> _Aim of the task_
Reproduce only the lines below from the line containing "ohne Schutzbehandlung, erfüllen." to the line containing "Рис. 1 – Схема", exactly as written, with both end lines kept. Omit the pictures.

> _Raw data_
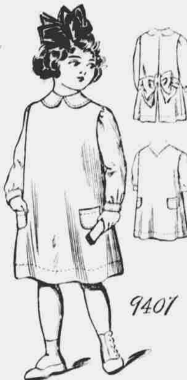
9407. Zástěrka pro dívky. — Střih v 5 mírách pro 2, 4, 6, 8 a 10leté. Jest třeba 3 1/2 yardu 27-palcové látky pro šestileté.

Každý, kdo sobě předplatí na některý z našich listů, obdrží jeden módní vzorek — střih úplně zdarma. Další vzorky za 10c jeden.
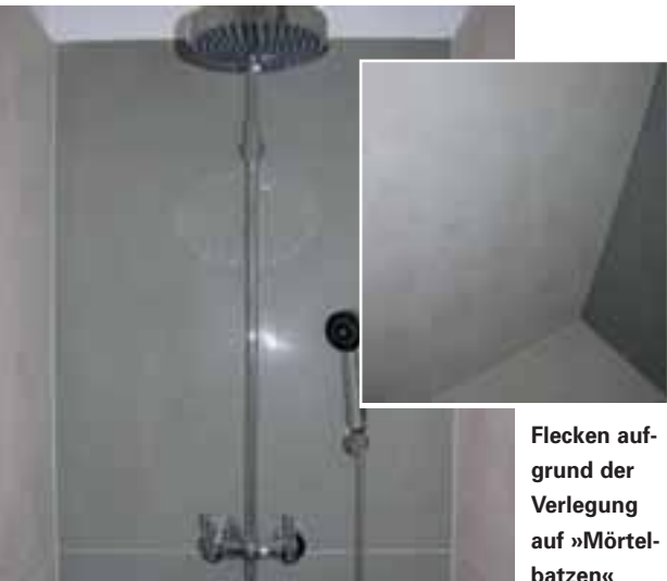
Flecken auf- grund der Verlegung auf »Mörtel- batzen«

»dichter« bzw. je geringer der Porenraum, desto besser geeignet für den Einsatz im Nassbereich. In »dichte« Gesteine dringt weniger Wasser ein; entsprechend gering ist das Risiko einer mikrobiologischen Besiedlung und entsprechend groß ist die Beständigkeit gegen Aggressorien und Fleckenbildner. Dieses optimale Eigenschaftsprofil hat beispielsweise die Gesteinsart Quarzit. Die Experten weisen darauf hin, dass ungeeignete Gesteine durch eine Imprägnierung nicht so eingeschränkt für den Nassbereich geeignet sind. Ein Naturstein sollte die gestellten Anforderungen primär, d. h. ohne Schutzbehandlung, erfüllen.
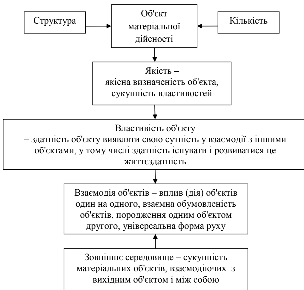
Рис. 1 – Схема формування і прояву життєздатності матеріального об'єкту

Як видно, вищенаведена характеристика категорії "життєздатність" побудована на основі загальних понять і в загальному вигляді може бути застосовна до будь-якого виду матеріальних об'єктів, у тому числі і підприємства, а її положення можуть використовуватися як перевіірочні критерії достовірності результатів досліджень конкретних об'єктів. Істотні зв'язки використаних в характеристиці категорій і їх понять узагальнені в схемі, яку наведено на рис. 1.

> _The completed task_
»dichter« bzw. je geringer der Porenraum, desto besser geeignet für den Einsatz im Nassbereich. In »dichte« Gesteine dringt weniger Wasser ein; entsprechend gering ist das Risiko einer mikrobiologischen Besiedlung und entsprechend groß ist die Beständigkeit gegen Aggressorien und Fleckenbildner. Dieses optimale Eigenschaftsprofil hat beispielsweise die Gesteinsart Quarzit. Die Experten weisen darauf hin, dass ungeeignete Gesteine durch eine Imprägnierung nicht so eingeschränkt für den Nassbereich geeignet sind. Ein Naturstein sollte die gestellten Anforderungen primär, d. h. ohne Schutzbehandlung, erfüllen.
Рис. 1 – Схема формування і прояву життєздатності матеріального об'єкту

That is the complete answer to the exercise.